Известный писатель адмирал А. С. Шишков говорил по горячим следам событий: «Поругание святыни есть самый верх безумия и развращения человеческого». И, продолжая свою мысль, вспоминал последний отданный в Москве приказ Наполеона взорвать при отступлении Кремль и кремлевские соборы: «Кто после сего усумнится, чтоб он, если бы то в возможности его состояло, не подорвал всю Россию и, может быть, всю землю, не исключая и самой Франции?»
Поэты 1812 года не скупились на обличительные, гневные слова, говоря о Наполеоне. Стало обыкновенным сравнивать его с наиболее ужасными, хищными завоевателями древности. Впрочем, ни одно из таких уподоблений не могло, с точки зрения людей того времени, исчерпать всю меру угрозы, которую нес в себе «маленький корсиканец». В этом прямо признавался знаменитый историк, писатель и поэт русского сентиментализма Николай Михайлович Карамзин:
Ничто Аттилы, Чингисханы,
Ничто Батыи, Тамерланы
Пред ним в свирепости своей.
И такой противник был побежден в Москве, в России! Побежден жертвенным подвигом и «доверенностью к Творцу». «Искупительница» – это высокое имя не сходило с уст говоривших тогда о первопрестольной столице Русской земли. «Москва пылает за Отчизну», – провозглашал один из многих, ныне забытый поэт Тимофеев. Но современникам казалось, что жертва Москвы больше, что ею искуплены и омыты не только русские грехи, но и беззакония всей Европы. Эта восторженная мысль звучит, например, у известного поэта Николая Михайловича Шатрова:
Тебе венец и почитанья,
Царица русских городов.
Твой плен, твой пепел и страданья
Есть тайна Божеских судов;
Не человеческой злой воле
На бранном, кроволитном поле
Была должна ты уступить;
Но Бог, казня Наполеона,
Хотел Европу от дракона
Твоим пожаром искупить.
А Петр Андреевич Вяземский по-своему подводил итог общим убеждениям:
Красуйся славою в веках,
Москва! Спасительница мира!
Россия, русская вера, русская культура, русский жизненный строй вдруг открылись в ту эпоху нашим образованным соотечественникам как самый несомненный оплот праведных, священных начал бытия. Свидетельством тому была сама их победа!

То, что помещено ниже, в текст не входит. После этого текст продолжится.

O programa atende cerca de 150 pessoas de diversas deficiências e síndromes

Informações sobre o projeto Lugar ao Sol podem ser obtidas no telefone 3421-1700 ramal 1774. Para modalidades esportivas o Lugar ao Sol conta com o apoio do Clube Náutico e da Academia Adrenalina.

На протяжении долгих десятилетий русские дворяне увлекались философией западного просвещения. Вдохновители новой революционной эпохи – Вольтер, Дидро, Руссо стали кумирами многих из них. Война 1812 года с предельной ясностью показала, к чему приводят путем неизбежных превращений такие привлекательные на первый взгляд просветительские идеалы. И оказалось вдруг, что родные ценности, знакомые с детства, но часто забытые, – это и есть истинное Просвещение, без которого не устоят ни Россия, ни целый мир.

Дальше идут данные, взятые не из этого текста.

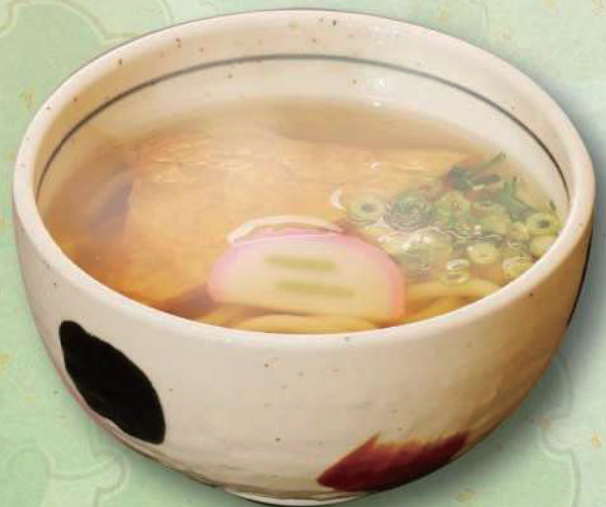
ミニきつねうどん 340円

Просвещение на западный манер часто виделось во второй половине XVIII века неким достоянием высших сословий, из которых оно «разливается» по мере своего успеха во все остальные слои общества. Люди 1812 года встретились на поле боя с подобным «разливом» подобного просвещения, увидели в нем агрессивный, разрушительный обман – и отвергли его. Отвергли все вместе, без различия сословий. Потому что единственно живое, спасительное Просвещение в равной мере воодушевило каждого из них. Они испытали необыкновенное чувство духовного родства, принадлежности одному великому народу. Совсем не удивительно, что с первых дней войны русский дворянин Федор Николаевич Глинка стал писать стилизованные солдатские песни, призывающие соотечественников бесстрашно идти в бой. И уж совершенно необходимыми в литературе эпохи оказались вдохновленные военными событиями басни Ивана Андреевича Крылова, особенно известная каждому в России «Волк на псарне». Всегда укорененные в народной речевой стихии, они заключали в себе простодушную – и самую точную национальную меру недавно произошедших событий, неувядающий здравый смысл, на века произнесенное поучение.